First, recall that Indexers do not receive query fees directly, but rather settle query fees into a rebate pool, and later claim them according to a rebate function:

\%\_of\_rebate\_pool\_claimed = \%\_of\_contributed\_fees^{\alpha}*\%\_of\_effective\_stake^{1-\alpha}

(effective stake is a concept we introduce to normalize the allocated stake for allocations of varying duration)

This is the Cobb-Douglas function, and in protocols like The Graph and 0x, it is what incentivizes Indexers to stake tokens in rough proportion to the amount of work they are performing for the network.

Now let’s look at how this impacts the cost of query fees by examining a couple of scenarios (you can play with them using this spreadsheet). I assume an \alpha of 0.77, which is its current value in the network (this value for alpha is discussed here). For simplicity, I assume all rebates are received by the Indexer, but in actuality, a portion is shared with Delegators. This should not impact the analysis:

Scenario A: Two Indexers interacting optimally with the rebate mechanism

Indexer Contributed Fees Effective Stake % of Rebate Pool Claimed Rebates Claimed
Alice 5000 240000 66.667% 5000
Bob 2500 120000 33.333% 2500
Total 7500 360000 100% 7500

Note that Alice and Bob, when interacting optimally with the mechanism, allocate stake proportional to their share of query fees, and receive 100% of their contributed query fees back as rebates. Importantly, the entire rebate pool is claimed.
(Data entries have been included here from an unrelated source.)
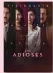
25 FEB Los adioses Dir. Natalia Beristáin
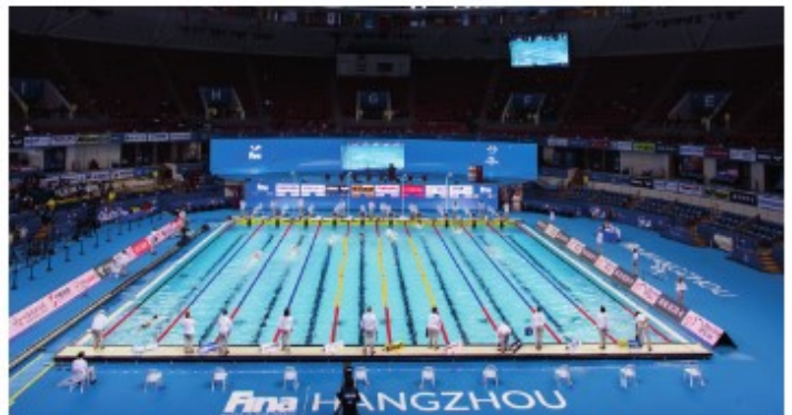
Hangzhou, China 2018 FINA WORLD SWIMMING CHAMPIONSHIPS (25m)
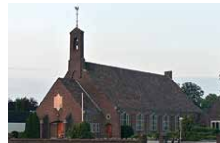
De Westerkerk, elke zondag om 9:30 uur
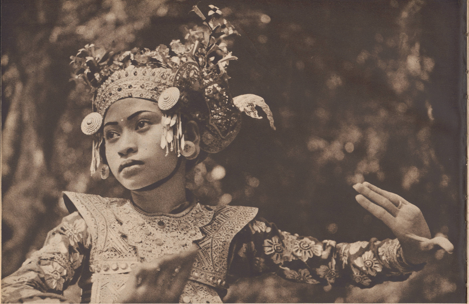
Balinesische Legongränzerin. Welch reiches und köstliches Gewand: edel vergoldetes Leder und blattvergoldete Seide! Und die zitternden Blumen des Kopfschmuckes sind aus reinem Goldblech gehämmert. Vêtue de soie précieuse, engoncée dans une carapace de cuir ciselée comme une armure d'apparat et dorée comme une chasse coiffée d'un casque que rehaussent des roses d'or pur et des pierreries, voici l'une des danseuses sacrée de Bali.

Unser Mitarbeiter Gotthard Schuh mit dem Fürsten Anak Agung von Saba.
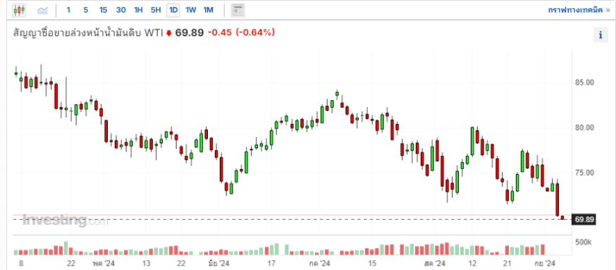
ราคาน้ำมัน WTI ดิ่งทะลุ 70 เหรียญฯ/บาร์เรล
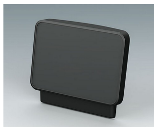
C3602408 Operating panel S ASA+PC (UL 94 V-0) anthracite grey RAL 7016 284x68x244mm
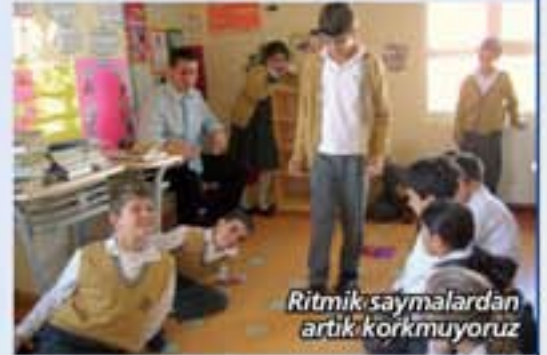
Ritmik saymalardan artık korkmuyoruz
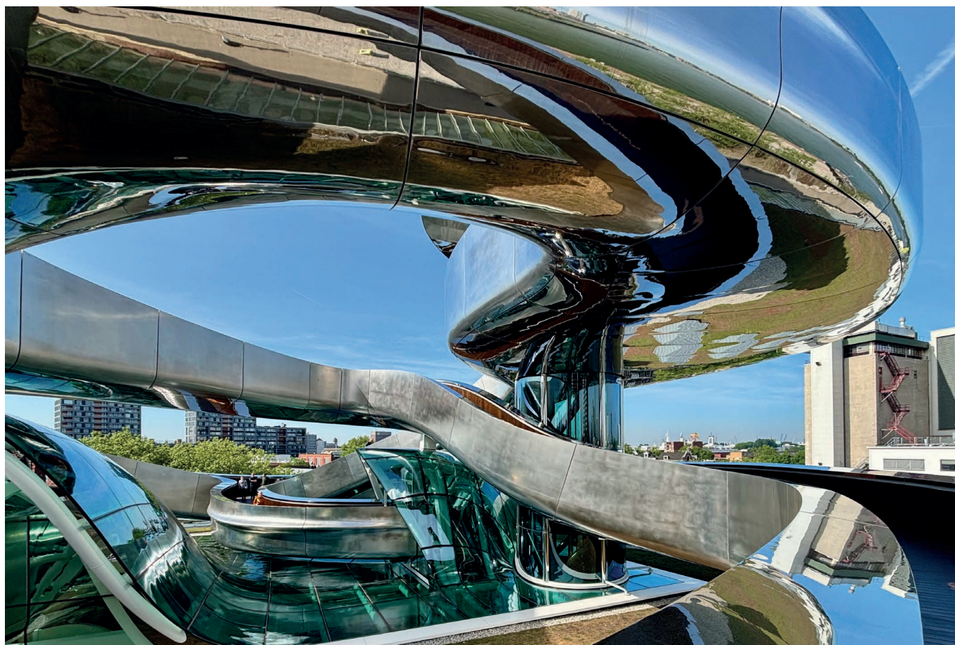
FENIX Museum of Migration, Foto: Anneke Bokern

Rotterdam ist eine Hafenstadt mit rauhem Charme und glitzernder Skyline.
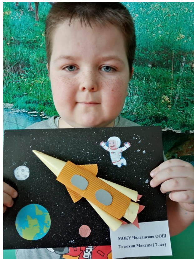
Исследовательские работы «Ордена и медали» (3 класс), «Покорение космоса» (1 класс)
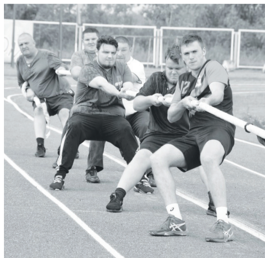
Победители соревнований по перетягиванию каната.

В райцентре в прошедшие выходные состоялись главные спортивные состязания года. На стадионе «Центральный» определены победители и призёры игр по 13 видам спорта.
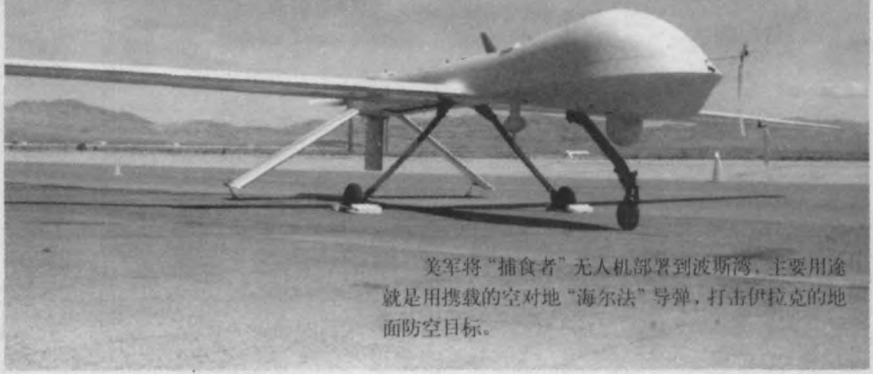
美军将“捕食者”无人机部署到波斯湾，主要用途就是用搭载的空对地“海尔法”导弹，打击伊拉克的地面防空目标。

美军是利用各种手段实施心理战的老手。在海湾战争中，美军通过电视、无线电广播和散发传单，成功地动摇和瓦解了伊军的抵抗意志。在多国部队的猛烈攻击面前，大批伊军放下武器、举手投降。在阿富汗战争中，美军一边投炸弹、一边投粮食和日用品、恩威并施，缓解了阿民众对美军的敌意。在未来的对伊战争中，由于目标是推翻萨达姆政权、扶植亲美政权，美军不仅会故伎重演，而且会变本加厉，更加重视心理作战手段的运用，把心理战贯穿战争全过程，为迅速结束战争和战后重建创造有利条件。
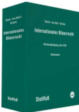
Internationales Bilanzrecht Kommentar Ladenpreis: 862,40EUR
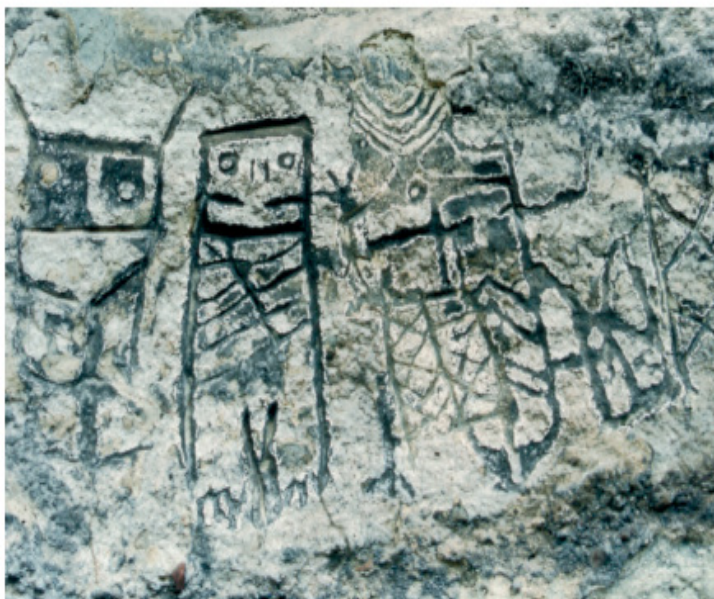
Figura 3.1.12. Grupo 3 (detalle). En este grupo el interior de los surcos aparece más oscuro que la superficie. No se ha determinado aún si esto se deba a la aplicación posterior de alguna sustancia, o a algún otro tipo de fenómeno producto del intemperismo.

De igual manera, se integró la investigación-creación de carácter exploratorio, ampliando así las fronteras del conocimiento y fomentando la innovación en el
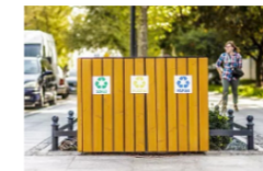
KOSZ DO SEGREGACJI

Scenario B: Two active Indexers and one lazy Indexer

Now, let’s keep the above setup, except that we’ll add a “lazy” Indexer Charlie, who allocated stake to collect indexing rewards, but does not serve any queries:

Indexer Contributed Fees Effective Stake % of Rebate Pool Claimed Rebates Claimed
Alice 5000 240000 56.84% 4263.17
Bob 2500 120000 28.42% 2131.59
Charlie 0 360000 0% 0
Total 7500 720000 85.26% 6394.76

The presence of the lazy Indexer, compared to the previous setup, means that Alice and Bob only receive ~85% of the rebates they otherwise would have.

Put differently, to receive a comparable amount of rebates as Scenario A, they would have to charge 17% more for queries, due to the presence of the lazy Indexer.****

The greater the share of allocated stake controlled by lazy Indexers, the greater the premium that active Indexers must charge on queries to compensate for their effects.


Now that we’ve sufficiently defined the problem, let’s discuss possible solutions. These embody one or more of the following strategies:

  1. Lower the marginal cost of serving queries vs not serving queries.
  2. Increase the cost of not serving queries.
  3. Increase the marginal benefit of serving queries vs not serving queries.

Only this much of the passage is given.